## WORK ORDER
Go through the lines below and repeat each one exactly, skipping pictures.
[[ SUPPLIED DATA open ]]
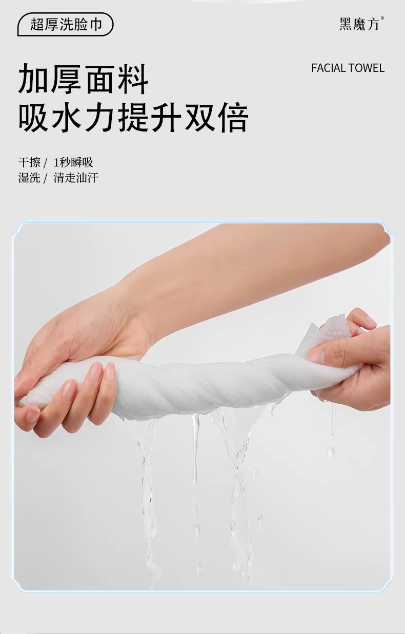 【黑魔方洁面柔巾】双面纹路柔软亲肤 吸水迅速不粘腻
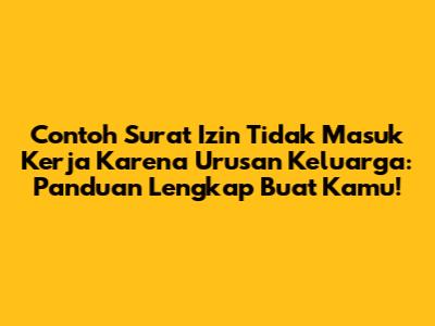 Guys, pernah nggak sih kamu tiba-tiba dihadapkan sama situasi genting yang mengharuskan kamu buat izin nggak masuk kerja? Apalagi kalau urusannya menyangkut keluarga. Pasti panik dong mau bikin surat izinnya kayak gimana. Tenang, kamu nggak sendirian! Dalam artikel ini, kita bakal kupas tuntas soal contoh surat izin tidak masuk kerja karena urusan keluarga yang bisa jadi panduan super praktis buat kamu. Kita akan bahas mulai dari apa aja sih yang perlu dicantumkan, sampai contoh surat yang bisa langsung kamu pakai atau modifikasi. Jadi, siap-siap catat ya!
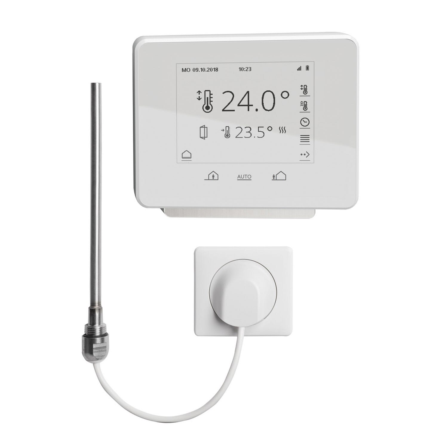 - besteht aus einem Wandauslass (Schutzart IPX4) inkl. Funkempfänger, einem elektronisch geregelten Heizstab und dem WRX Regler
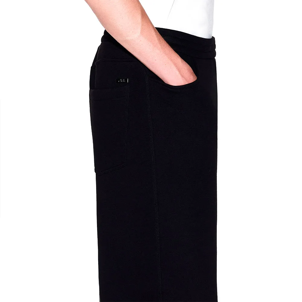 Спортивные брюки с эластичным поясом, прорезными карманами, прямыми штанинами, накладными карманами и металлической табличкой с логотипом на спине.
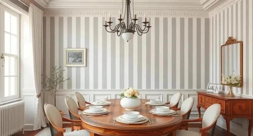 Винтажные полоски представлены в самых разнообразных вариантах. Вертикальные полоски визуально увеличивают высоту потолка, делая помещение более просторным. Горизонтальные полоски, напротив, расширяют пространство, но могут визуально уменьшить высоту потолка. Широкие полоски создают смелый и эффектный образ, а узкие – более сдержанный и элегантный. Цветные полоски добавляют интерьеру яркости и динамики, а черно-белые – классическую элегантность. Комбинирование полосок разных цветов и ширины позволяет создавать уникальные и неповторимые дизайны.
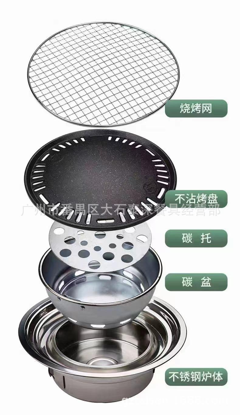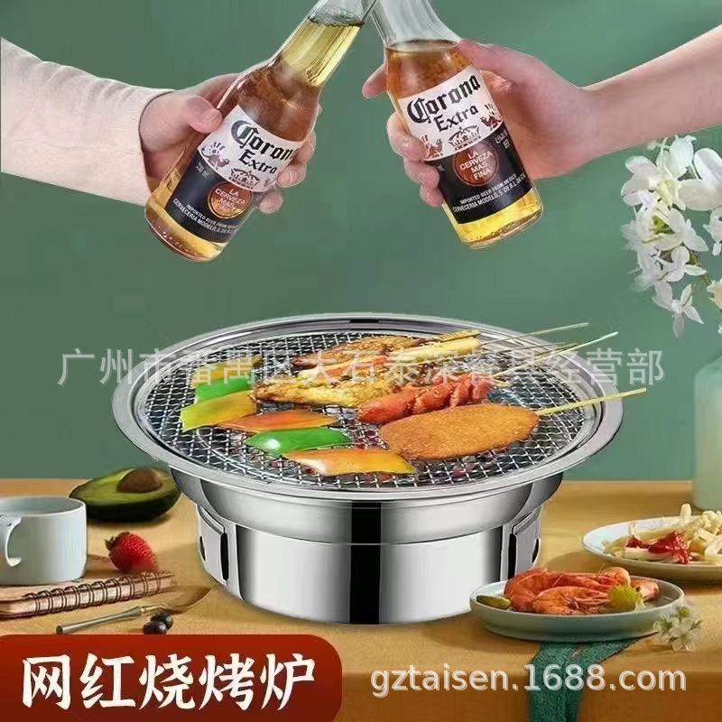 Parrilla de barbacoa coreana redonda de acero inoxidable, parrilla de barbacoa de carbón comercial para exteriores
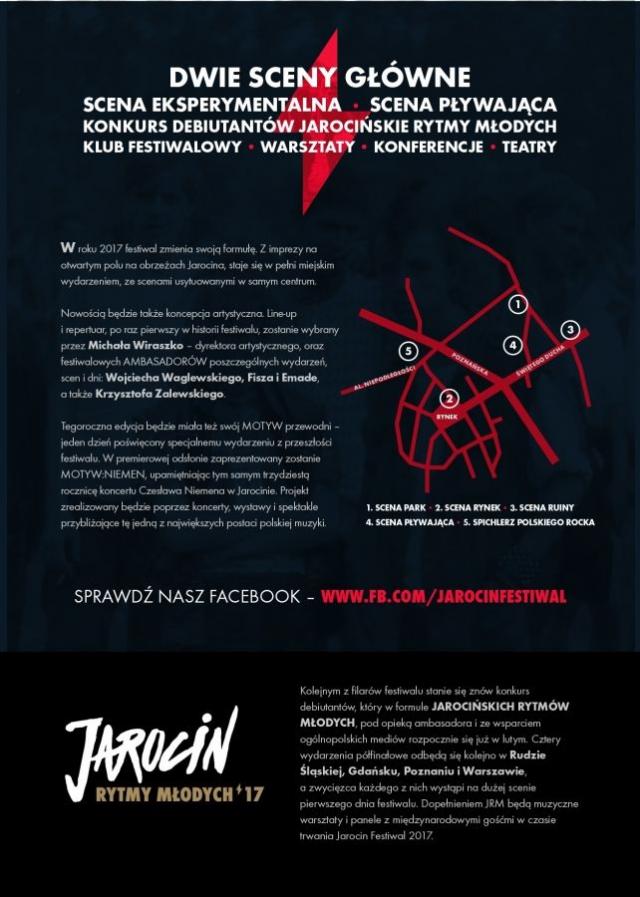 Ogłoszono pierwszych wykonawców rockowego festiwalu Jarocin 2017. Po raz pierwszy wyłoniono też kuratorów artystycznych festiwalowych scen, które będą rozlokowane w różnych miejscach w centrum miasta.
[[ SUPPLIED DATA closed ]]
## EXERCISE SOLUTION
 【黑魔方洁面柔巾】双面纹路柔软亲肤 吸水迅速不粘腻
 Guys, pernah nggak sih kamu tiba-tiba dihadapkan sama situasi genting yang mengharuskan kamu buat izin nggak masuk kerja? Apalagi kalau urusannya menyangkut keluarga. Pasti panik dong mau bikin surat izinnya kayak gimana. Tenang, kamu nggak sendirian! Dalam artikel ini, kita bakal kupas tuntas soal contoh surat izin tidak masuk kerja karena urusan keluarga yang bisa jadi panduan super praktis buat kamu. Kita akan bahas mulai dari apa aja sih yang perlu dicantumkan, sampai contoh surat yang bisa langsung kamu pakai atau modifikasi. Jadi, siap-siap catat ya!
 - besteht aus einem Wandauslass (Schutzart IPX4) inkl. Funkempfänger, einem elektronisch geregelten Heizstab und dem WRX Regler
 Спортивные брюки с эластичным поясом, прорезными карманами, прямыми штанинами, накладными карманами и металлической табличкой с логотипом на спине.
 Винтажные полоски представлены в самых разнообразных вариантах. Вертикальные полоски визуально увеличивают высоту потолка, делая помещение более просторным. Горизонтальные полоски, напротив, расширяют пространство, но могут визуально уменьшить высоту потолка. Широкие полоски создают смелый и эффектный образ, а узкие – более сдержанный и элегантный. Цветные полоски добавляют интерьеру яркости и динамики, а черно-белые – классическую элегантность. Комбинирование полосок разных цветов и ширины позволяет создавать уникальные и неповторимые дизайны.
 Parrilla de barbacoa coreana redonda de acero inoxidable, parrilla de barbacoa de carbón comercial para exteriores
 Ogłoszono pierwszych wykonawców rockowego festiwalu Jarocin 2017. Po raz pierwszy wyłoniono też kuratorów artystycznych festiwalowych scen, które będą rozlokowane w różnych miejscach w centrum miasta.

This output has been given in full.